PROBLEM STATEMENT → The line containing "From 2004 to" marks the start of the required copy, which runs to the final line of the entries; return those lines exactly, without any pictures.
*** AVAILABLE DATA ***
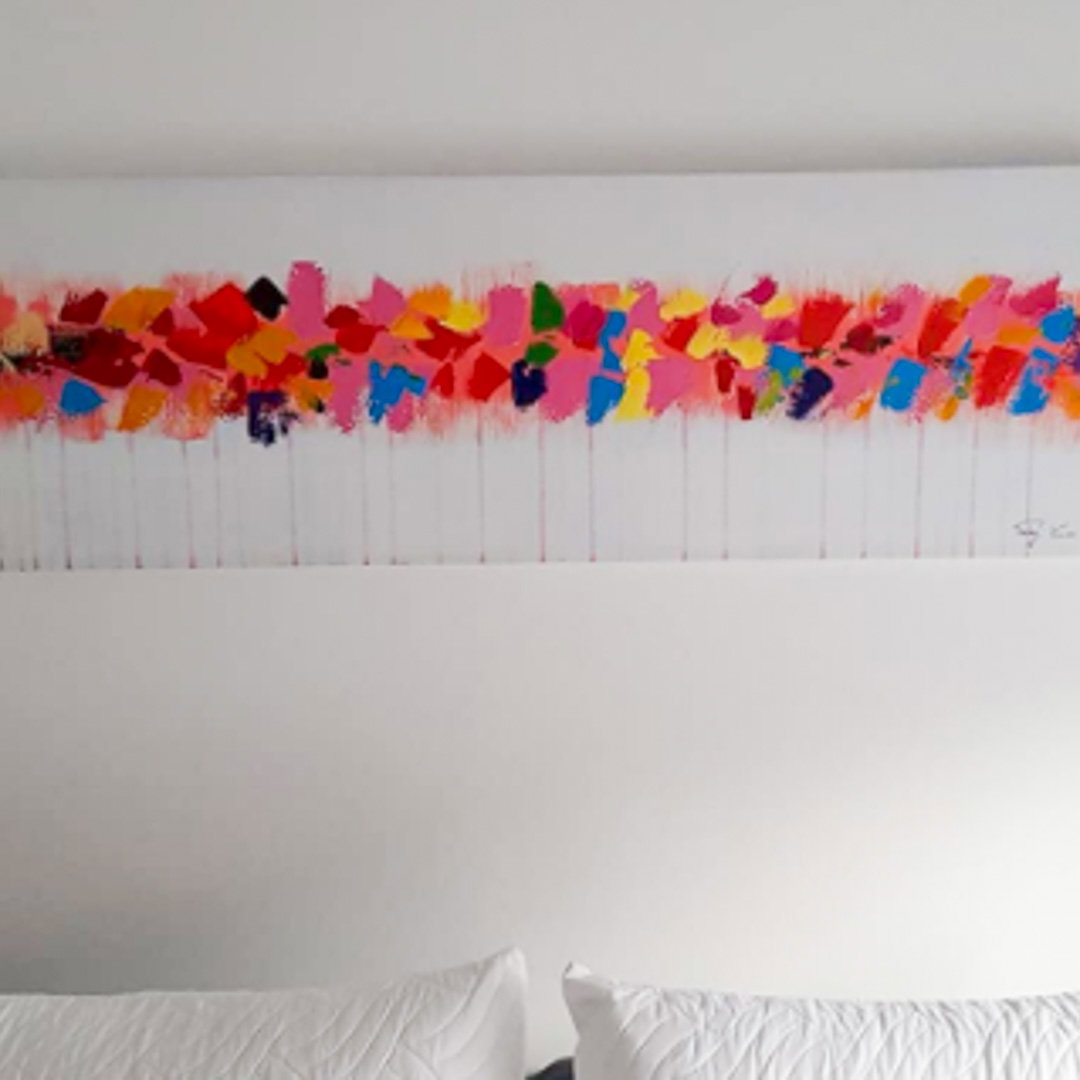 Os amantes da arte vão deliciar-se com a escolha de cores vibrantes do artista. Um sentimento de alegria surgirá em si e nos seus convidados ao ver 'Colour Play on the Horizon'. Uma explosão de cores de cortar a respiração encontra a sua perfeição no centro do quadro com um brilho dourado. O fundo bege subtil realça particularmente bem as cores vivas. Os pontos de cor que correm em direcção ao bordo inferior do quadro fazem com que as cores pareçam vivas. Mergulhe no seu mundo pessoal de cores todos os dias.
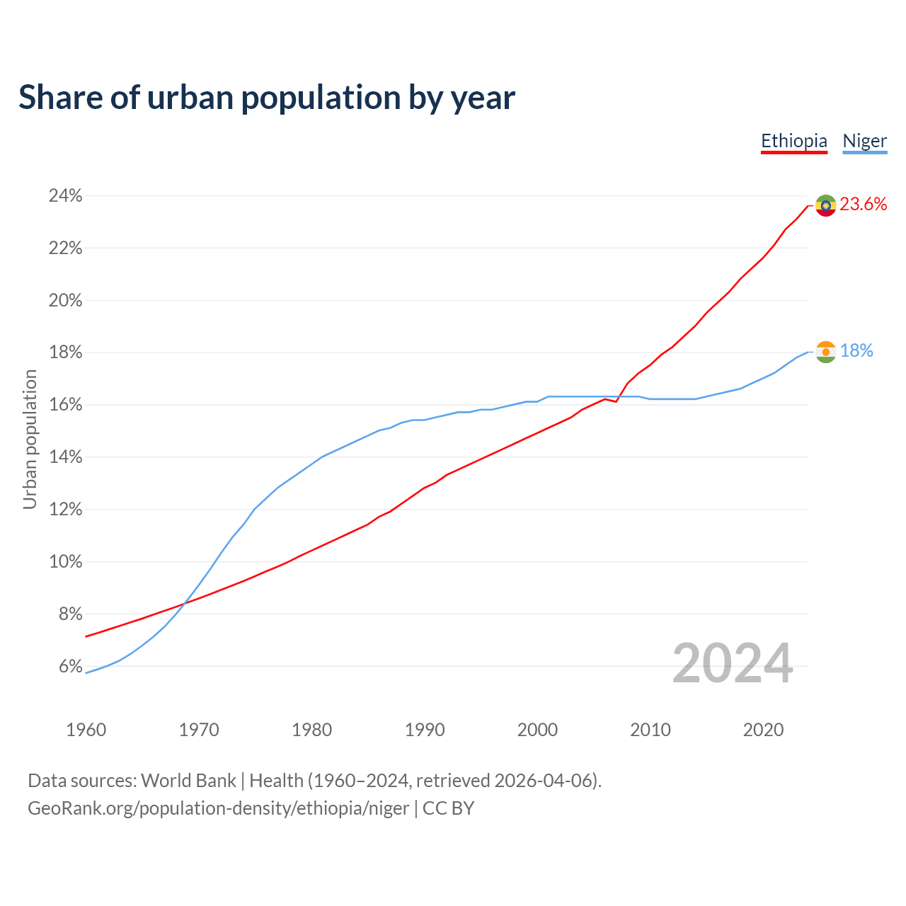 From 2004 to 2024, the share of urban population changed from 15.8% to 23.6% in Ethiopia and from 16.3% to 18% in Niger.
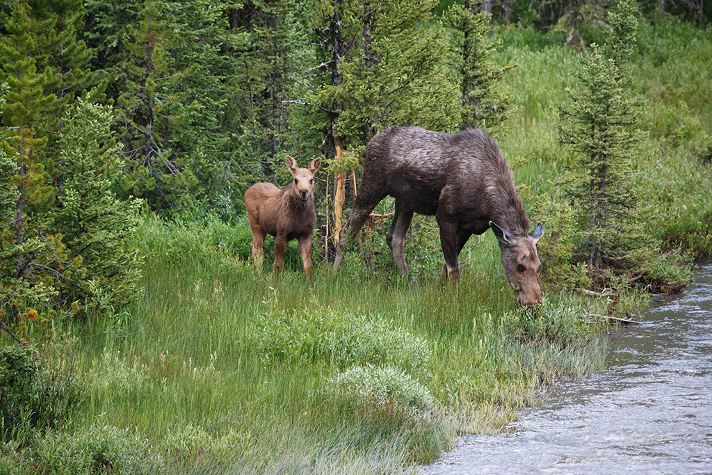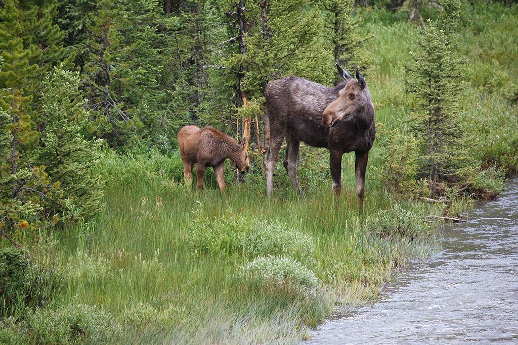| We were running out of light and time, but just before we gave up, we spotted this moma and baby moose. | ||
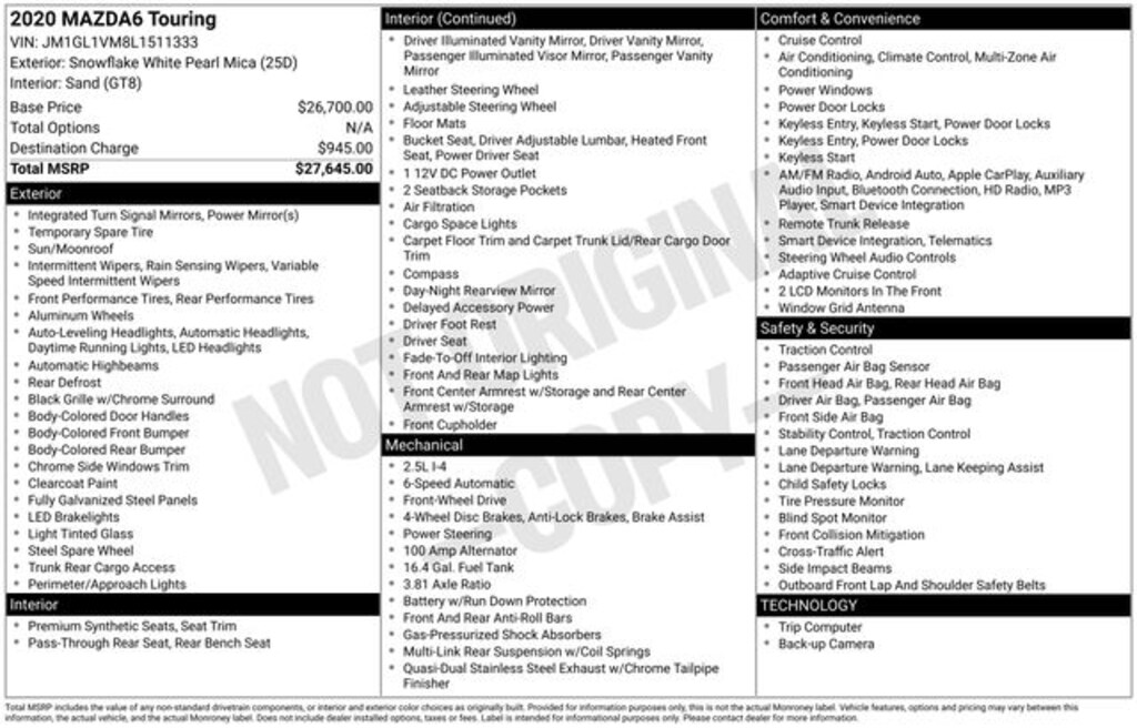 Recent Arrival! 2020 Mazda Mazda6 Touring SKYACTIV®-G 2.5L I4 DOHC 16V 6-Speed Automatic FWD 4D Sedan Snowflake White Pearl Mica Local Trade, AppLink/Apple CarPlay and Android Auto, Automatic temperature control, Exterior Parking Camera Rear, Front dual zone A/C, Heated front seats, Leatherette Seat Trim, MAZDA CONNECT Infotainment System Voice Command, Power door mirrors, Power driver seat, Power moonroof, Power windows, Radio: AM/FM/HD, Rain sensing wipers, Rear window defroster, Speed control, Tilt steering wheel, Wheels: 19" x 7.5J w/Gun Metallic Finish. 26/35 City/Highway MPG
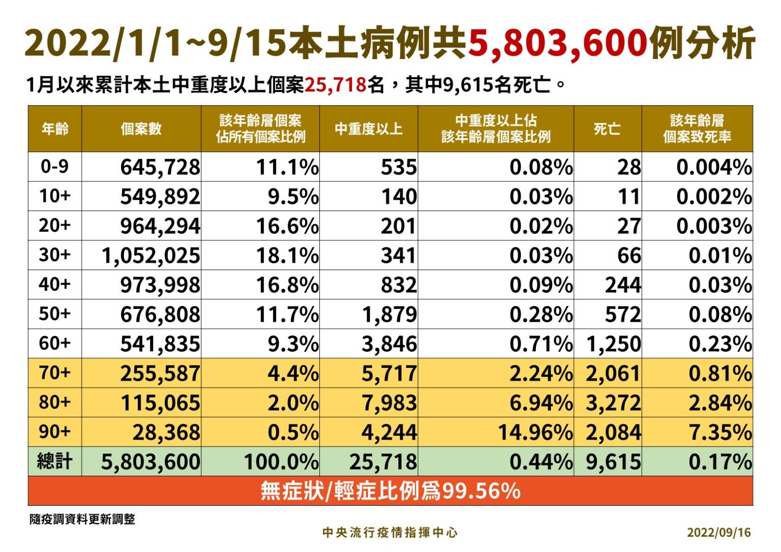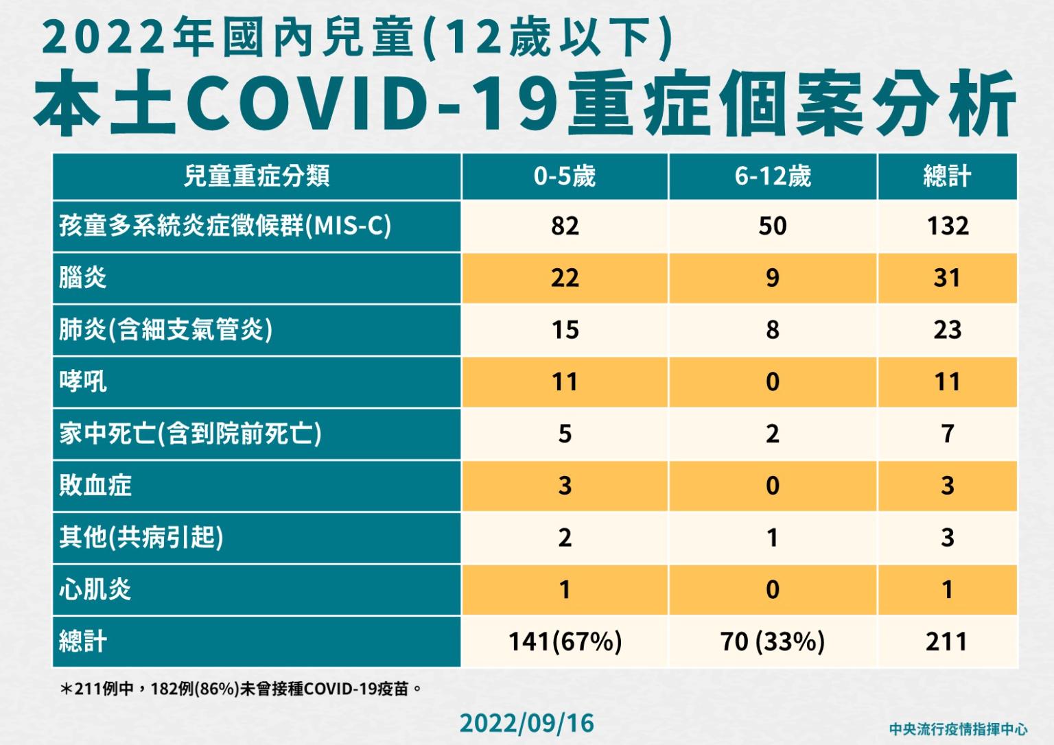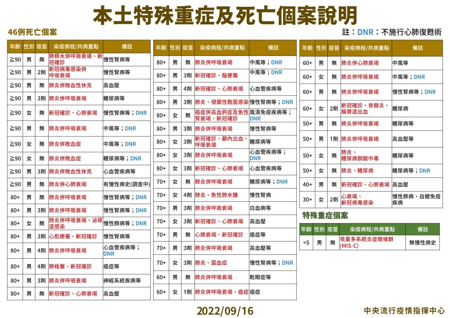 指揮中心指出,今日新增46例本土病例死亡個案,為28例男性、18例女性,年齡介於30多歲至90多歲以上,皆屬重度感染且具慢性病史、27例未接種3劑以上COVID-19疫苗。確診日介於今(2022)年7月20日至9月13日,死亡日期介於9月6日至9月13日。
*** End of AVAILABLE DATA ***
REPLY →
 From 2004 to 2024, the share of urban population changed from 15.8% to 23.6% in Ethiopia and from 16.3% to 18% in Niger.
| We were running out of light and time, but just before we gave up, we spotted this moma and baby moose. | ||
 Recent Arrival! 2020 Mazda Mazda6 Touring SKYACTIV®-G 2.5L I4 DOHC 16V 6-Speed Automatic FWD 4D Sedan Snowflake White Pearl Mica Local Trade, AppLink/Apple CarPlay and Android Auto, Automatic temperature control, Exterior Parking Camera Rear, Front dual zone A/C, Heated front seats, Leatherette Seat Trim, MAZDA CONNECT Infotainment System Voice Command, Power door mirrors, Power driver seat, Power moonroof, Power windows, Radio: AM/FM/HD, Rain sensing wipers, Rear window defroster, Speed control, Tilt steering wheel, Wheels: 19" x 7.5J w/Gun Metallic Finish. 26/35 City/Highway MPG
 指揮中心指出,今日新增46例本土病例死亡個案,為28例男性、18例女性,年齡介於30多歲至90多歲以上,皆屬重度感染且具慢性病史、27例未接種3劑以上COVID-19疫苗。確診日介於今(2022)年7月20日至9月13日,死亡日期介於9月6日至9月13日。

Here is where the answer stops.